Among the lines below, take the one holding "Сюрреалистическое исследование красивого", the one holding "Caracara plancus or", and all lines between them. Set them down exactly.

─── Dataset entries ───

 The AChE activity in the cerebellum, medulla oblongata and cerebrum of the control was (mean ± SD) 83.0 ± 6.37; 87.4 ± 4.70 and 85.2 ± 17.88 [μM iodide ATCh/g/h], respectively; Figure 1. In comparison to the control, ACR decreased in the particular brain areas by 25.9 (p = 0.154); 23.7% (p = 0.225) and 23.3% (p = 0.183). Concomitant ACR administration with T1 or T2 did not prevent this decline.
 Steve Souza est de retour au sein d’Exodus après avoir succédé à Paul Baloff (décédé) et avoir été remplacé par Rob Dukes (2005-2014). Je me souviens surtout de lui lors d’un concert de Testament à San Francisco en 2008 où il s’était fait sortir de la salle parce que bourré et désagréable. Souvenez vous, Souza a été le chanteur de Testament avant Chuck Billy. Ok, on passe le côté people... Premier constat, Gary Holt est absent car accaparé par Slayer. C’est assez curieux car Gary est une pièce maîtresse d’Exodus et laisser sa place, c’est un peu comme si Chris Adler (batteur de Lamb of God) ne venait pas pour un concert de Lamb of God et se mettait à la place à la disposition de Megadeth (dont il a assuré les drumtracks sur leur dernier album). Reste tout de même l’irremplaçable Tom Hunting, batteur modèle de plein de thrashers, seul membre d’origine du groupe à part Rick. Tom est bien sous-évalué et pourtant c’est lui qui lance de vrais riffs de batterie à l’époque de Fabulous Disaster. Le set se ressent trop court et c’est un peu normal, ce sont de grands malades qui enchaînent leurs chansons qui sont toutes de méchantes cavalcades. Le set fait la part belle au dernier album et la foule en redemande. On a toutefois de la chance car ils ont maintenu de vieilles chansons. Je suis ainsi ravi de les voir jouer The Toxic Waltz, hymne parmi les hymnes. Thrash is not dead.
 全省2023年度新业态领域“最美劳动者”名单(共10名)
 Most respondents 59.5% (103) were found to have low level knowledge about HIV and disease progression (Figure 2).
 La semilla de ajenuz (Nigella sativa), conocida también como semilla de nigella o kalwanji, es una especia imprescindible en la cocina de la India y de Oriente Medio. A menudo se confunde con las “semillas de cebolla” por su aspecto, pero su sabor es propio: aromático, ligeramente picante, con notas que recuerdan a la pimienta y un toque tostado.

───
─── Dataset entries ───

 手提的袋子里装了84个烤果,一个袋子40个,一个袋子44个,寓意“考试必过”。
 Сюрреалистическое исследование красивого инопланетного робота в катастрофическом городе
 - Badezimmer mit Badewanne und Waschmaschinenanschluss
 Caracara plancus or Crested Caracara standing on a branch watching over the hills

───
─── Dataset entries ───

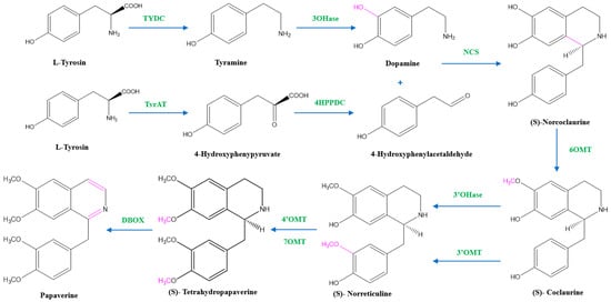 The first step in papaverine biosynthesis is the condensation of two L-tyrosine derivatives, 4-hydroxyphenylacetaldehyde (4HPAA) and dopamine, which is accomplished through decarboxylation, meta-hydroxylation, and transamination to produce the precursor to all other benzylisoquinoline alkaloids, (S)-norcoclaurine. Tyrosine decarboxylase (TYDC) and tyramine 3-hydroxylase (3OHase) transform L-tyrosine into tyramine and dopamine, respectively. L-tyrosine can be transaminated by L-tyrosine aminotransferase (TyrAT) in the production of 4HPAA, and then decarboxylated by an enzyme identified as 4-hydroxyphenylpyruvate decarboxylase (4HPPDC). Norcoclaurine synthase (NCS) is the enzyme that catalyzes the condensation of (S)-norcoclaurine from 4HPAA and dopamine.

───

- _Reply_:
 Сюрреалистическое исследование красивого инопланетного робота в катастрофическом городе
 - Badezimmer mit Badewanne und Waschmaschinenanschluss
 Caracara plancus or Crested Caracara standing on a branch watching over the hills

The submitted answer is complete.